Is there looming privation at play between China and Taiwan? These two
places, emerging from the battle between Mao's Communists and Chiang
Kaishek's Nationialists decades ago enjoy some prosperity, at least in
certain circles of each country, but they are poised at the brink of war
over the tension between Taiwanese independence from the mainland and
China's "One China" principle. Xenophobia could hardly play a role if
these two square off in a confrontation.
Keith continues:
The solution is lowering population growth, which requires empowering
women and providing access to birth control measures *and* takes upwards
of 20 years to take effect. Fundamentalist Islamics and the current
fundamentalist US administration agree on the undesireability of
empowered ("uppity") women and the full range of birth control methods.
Scott's response:
I agree with you here on the comparison of the two fundamentalisms with
respect to women's rights, but this demonstrates how an extremist
mindset takes control of a population's collective weltanschauung and
thus how ideas can become causally efficacious.
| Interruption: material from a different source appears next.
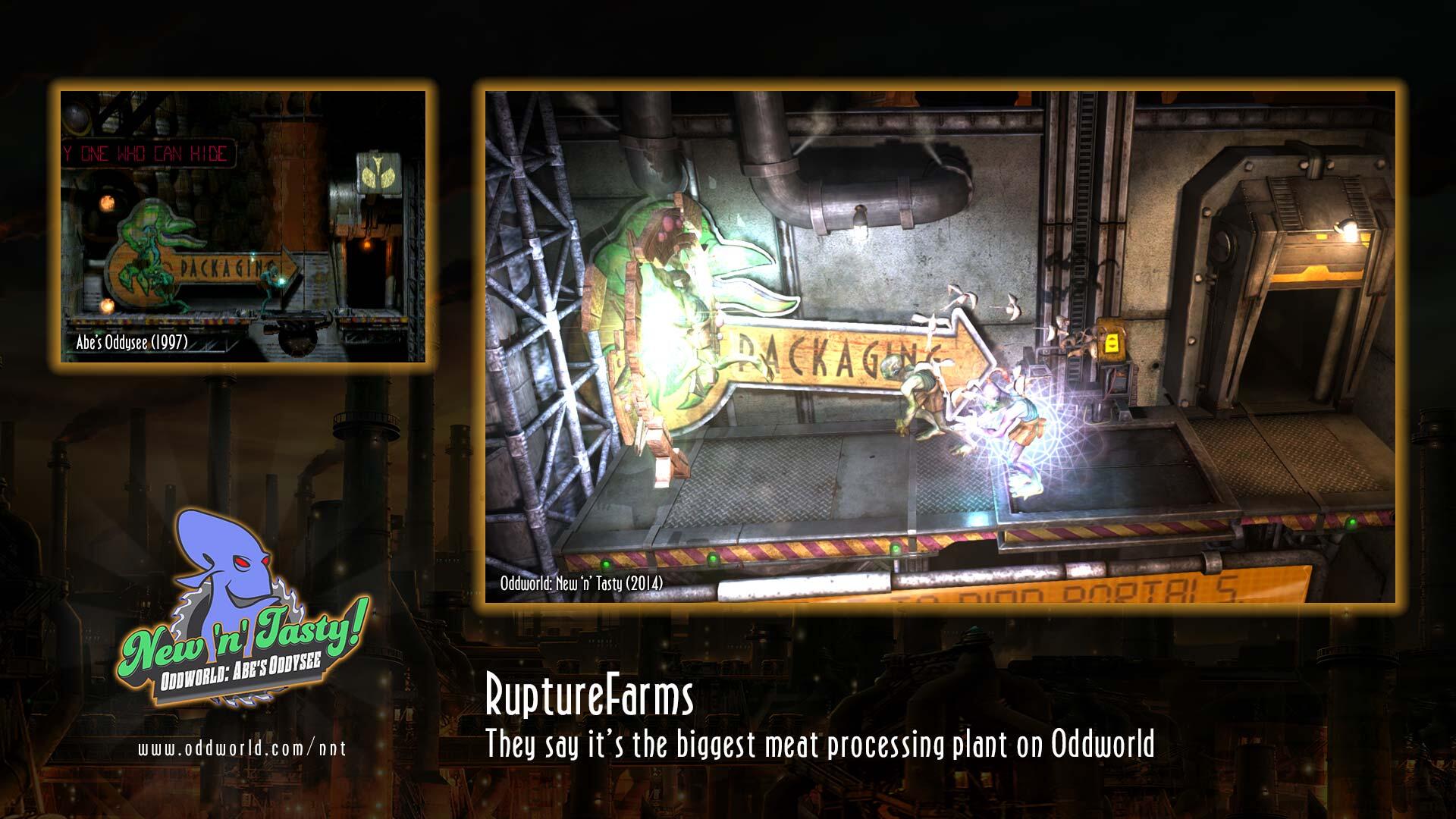 El primero de ellos será Alf's Escape, un área situada en RuptureFarms que no estaba presente en el juego original y que incluirá nuevos puzles y peligros que prometen desafiar incluso a los más veteranos de la saga. Esta secuencia extra tendrá también sus propios marcadores online y estará disponible poco después de que el juego se lance.

How genetically
influenced are religious beliefs? Is there a religiosity module?
Keith continues:
I have said this a dozen different ways here and on other lists over the
past year, citing Easter Island and the evidence of what happened in the
American Southwest after 1250 CE as examples, and the confirming example
of the troubles fading out in Northern Ireland due to slowed population
growth and rising income per capita. Try "xenophobic memes" and related
terms in Google for more discussion.
If you can find a hole in the logic of this argument, please do. It
accounts for many known events of human history such as the Rwanda
genocide, and (roughly) predicts where we are going to have problems in
the future. Still, I find it profoundly disturbing and wish someone
could provide a convincing argument that it is not true.
Scott's response:
There's a difference between presenting the logic of an argument for
something that should exist given certain circumstances and actually
demonstrating that it does exist in the real world.